(Collection entries)
----
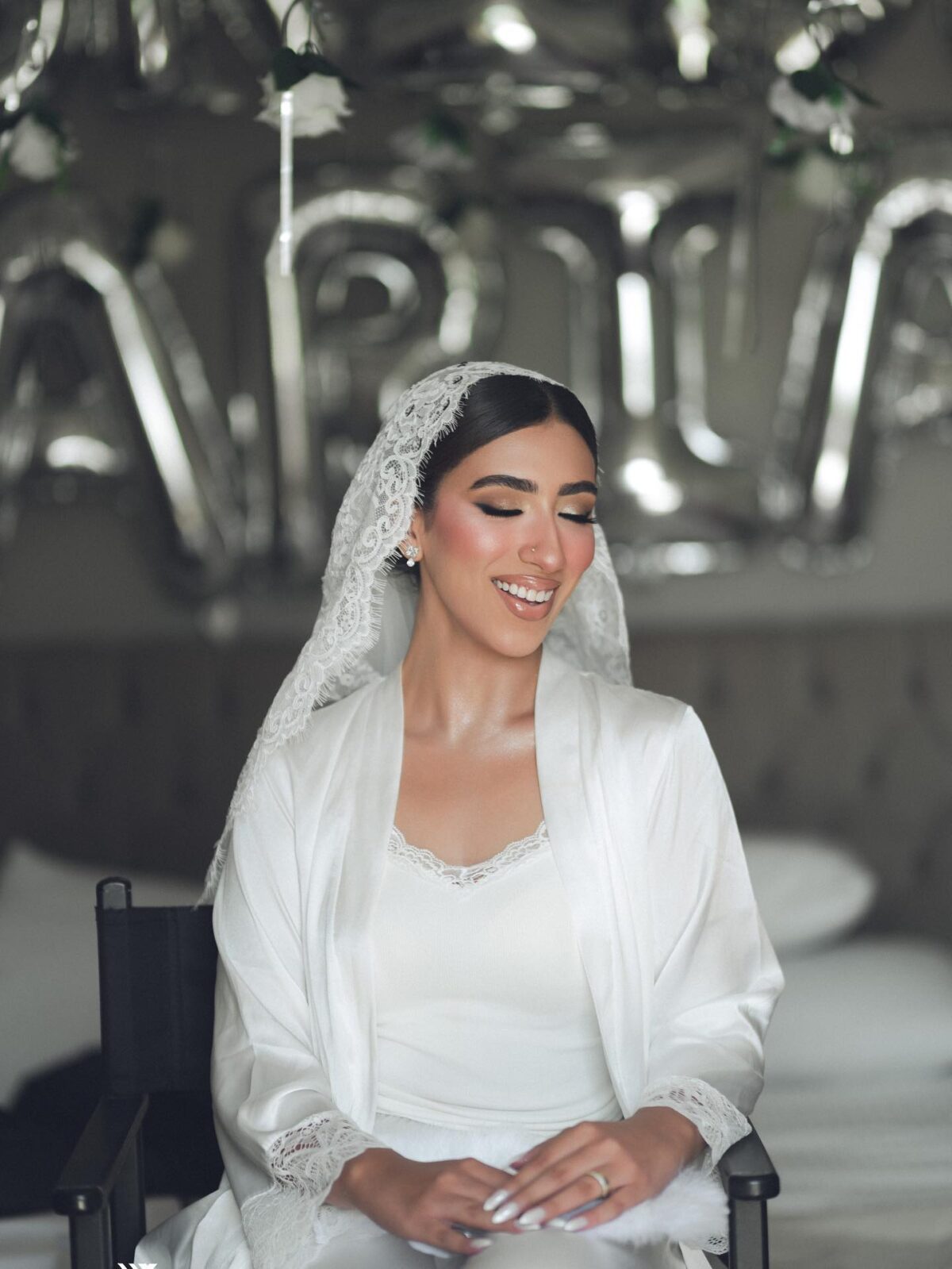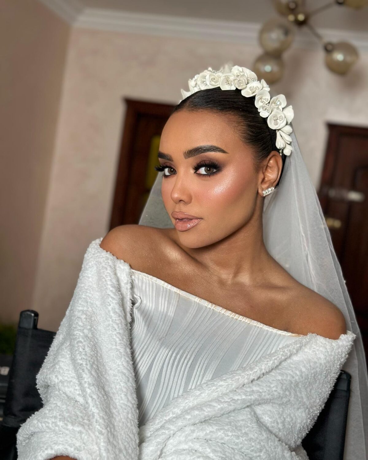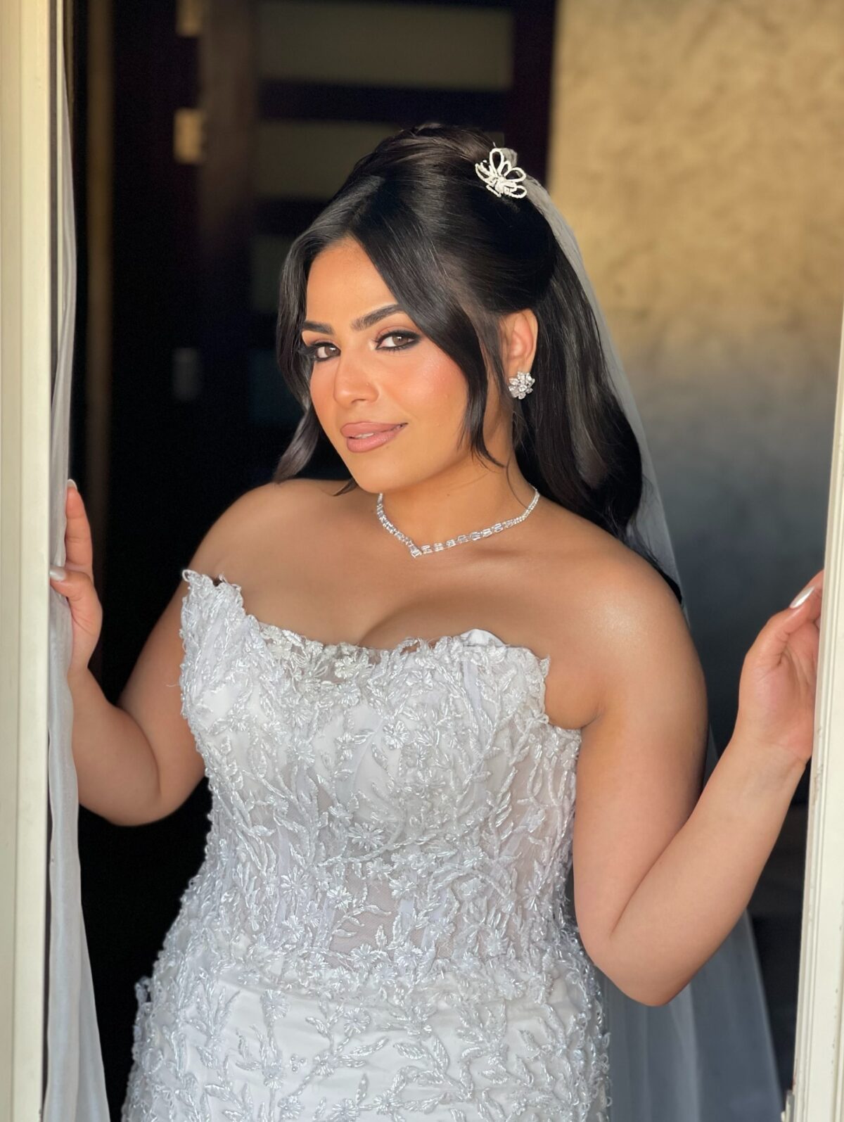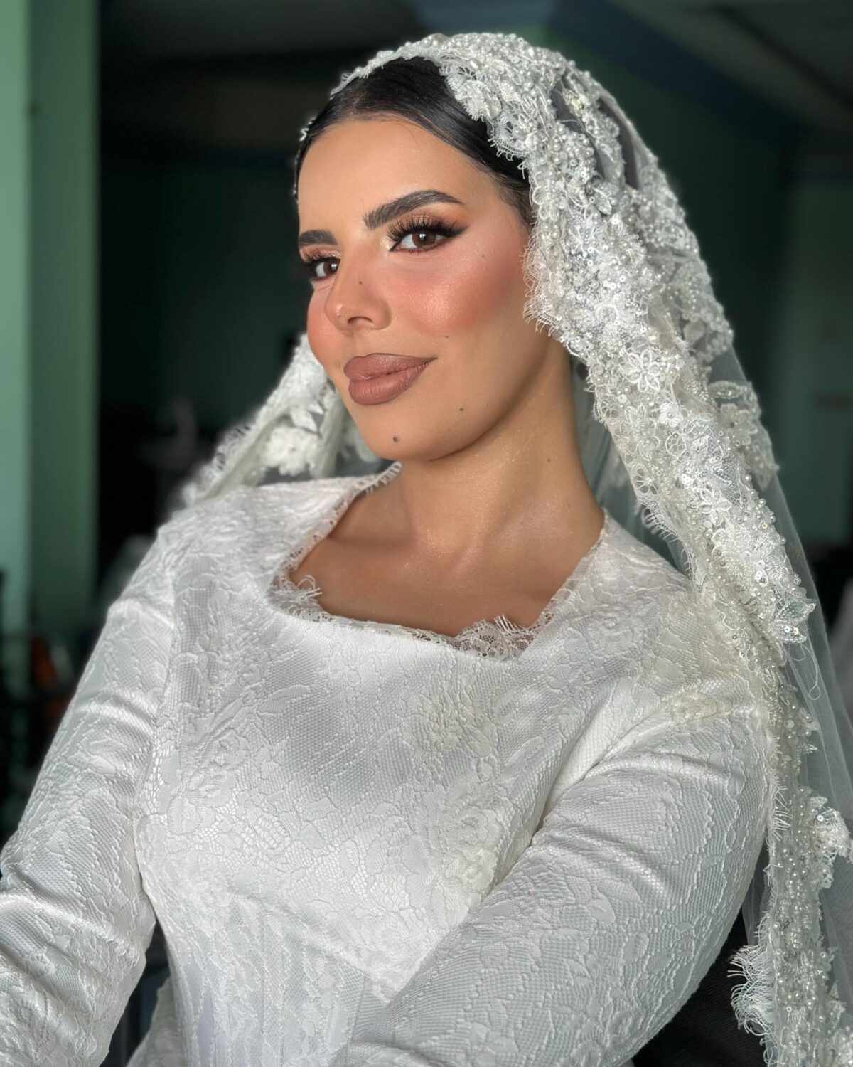 لو العروسة حابة لوك جريء أكتر، علا بتعرف توازن بين الألوان القوية والرقة. ممكن تستخدم سموكي بدرجات رمادية أو نبيتي مع لمعة بسيطة على الجفن، وتختار لون روج يناسب اللوك العام، لكن دايمًا بتخلي الشكل النهائي راقي ومتناسق. أسلوبها في الدمج وتوزيع الإضاءة بيدي نتيجة أنثوية ومشرقة من غير أي مبالغة.
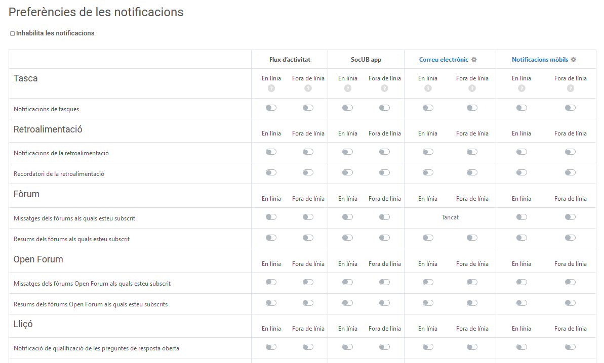 Preferències de les notificacions: des d'aquesta pàgina podreu decidir si voleu rebre notificacions de cadascuna de les activitats que trobareu al llistat. Podreu decidir si voleu rebre avisos al flux d'activitat, a l'aplicació de SocUB, al correu electrònic i notificacions mòbils, i a cadascuna d'aquestes opcions, podreu especificar si voleu rebre els avisos quan esteu en línia o fora de línia:
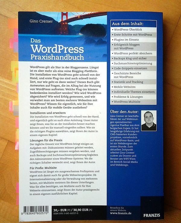 Das nagelneue WordPress Praxishandbuch von Gino Cremer ist einfach perfekt für die Pflege und Wartung eines Corporate Blogs. Ich lernte Gino Cremer auf Twitter kennen, als ich ein Problem mit einem Plugin hatte. Als Geschäftsführer der Agentur Pixelbar in Belgien hat er mir mit seinem umfangreichen Praxiswissen rasch und unkompliziert helfen können. Als er mir erzählte, dass er gerade beim Fertigstellen seines WordPress Handbuches für Praktiker war, musste ich das Buch unbedingt haben. Die fast 350 Seiten im geschmeidigen Softcover liegen extrem gut in der Hand und lesen sich sehr gut!
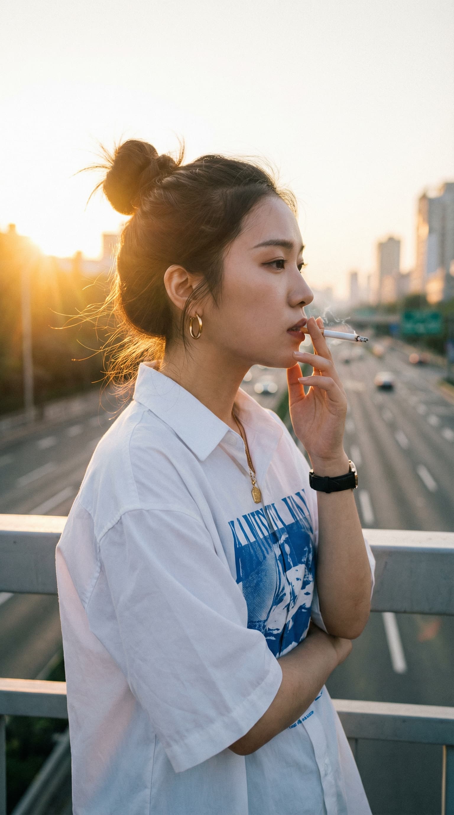 A young woman stands in profile, smoking a cigarette against the backdrop of a city highway at sunset. The golden lig...
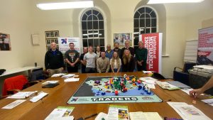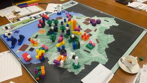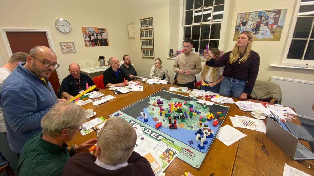 Cumbria Traders is a team-based strategy workshop themed on the diverse industries of Cumbria. The class aim is to grow the Cumbrian economy into a thriving and sustainable region, but this can only be achieved through cooperation between teams. A giant construction and resource map is used to emulate progress.
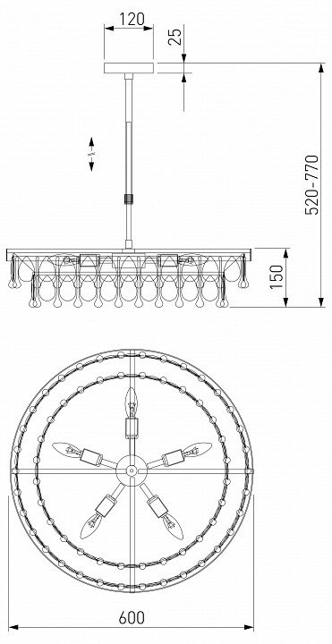 Тип крепления люстры: на штанге
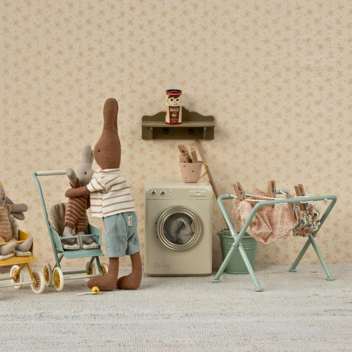 This vintage-style miniature drying rack, complete with tiny pegs, is perfect for Maileg friends who love to keep their laundry fresh and tidy.
----
#### To do
Any picture among the entries must be skipped; copy all else exactly.

#### Result below
 لو العروسة حابة لوك جريء أكتر، علا بتعرف توازن بين الألوان القوية والرقة. ممكن تستخدم سموكي بدرجات رمادية أو نبيتي مع لمعة بسيطة على الجفن، وتختار لون روج يناسب اللوك العام، لكن دايمًا بتخلي الشكل النهائي راقي ومتناسق. أسلوبها في الدمج وتوزيع الإضاءة بيدي نتيجة أنثوية ومشرقة من غير أي مبالغة.
 Preferències de les notificacions: des d'aquesta pàgina podreu decidir si voleu rebre notificacions de cadascuna de les activitats que trobareu al llistat. Podreu decidir si voleu rebre avisos al flux d'activitat, a l'aplicació de SocUB, al correu electrònic i notificacions mòbils, i a cadascuna d'aquestes opcions, podreu especificar si voleu rebre els avisos quan esteu en línia o fora de línia:
 Das nagelneue WordPress Praxishandbuch von Gino Cremer ist einfach perfekt für die Pflege und Wartung eines Corporate Blogs. Ich lernte Gino Cremer auf Twitter kennen, als ich ein Problem mit einem Plugin hatte. Als Geschäftsführer der Agentur Pixelbar in Belgien hat er mir mit seinem umfangreichen Praxiswissen rasch und unkompliziert helfen können. Als er mir erzählte, dass er gerade beim Fertigstellen seines WordPress Handbuches für Praktiker war, musste ich das Buch unbedingt haben. Die fast 350 Seiten im geschmeidigen Softcover liegen extrem gut in der Hand und lesen sich sehr gut!
 A young woman stands in profile, smoking a cigarette against the backdrop of a city highway at sunset. The golden lig...
 Cumbria Traders is a team-based strategy workshop themed on the diverse industries of Cumbria. The class aim is to grow the Cumbrian economy into a thriving and sustainable region, but this can only be achieved through cooperation between teams. A giant construction and resource map is used to emulate progress.
 Тип крепления люстры: на штанге
 This vintage-style miniature drying rack, complete with tiny pegs, is perfect for Maileg friends who love to keep their laundry fresh and tidy.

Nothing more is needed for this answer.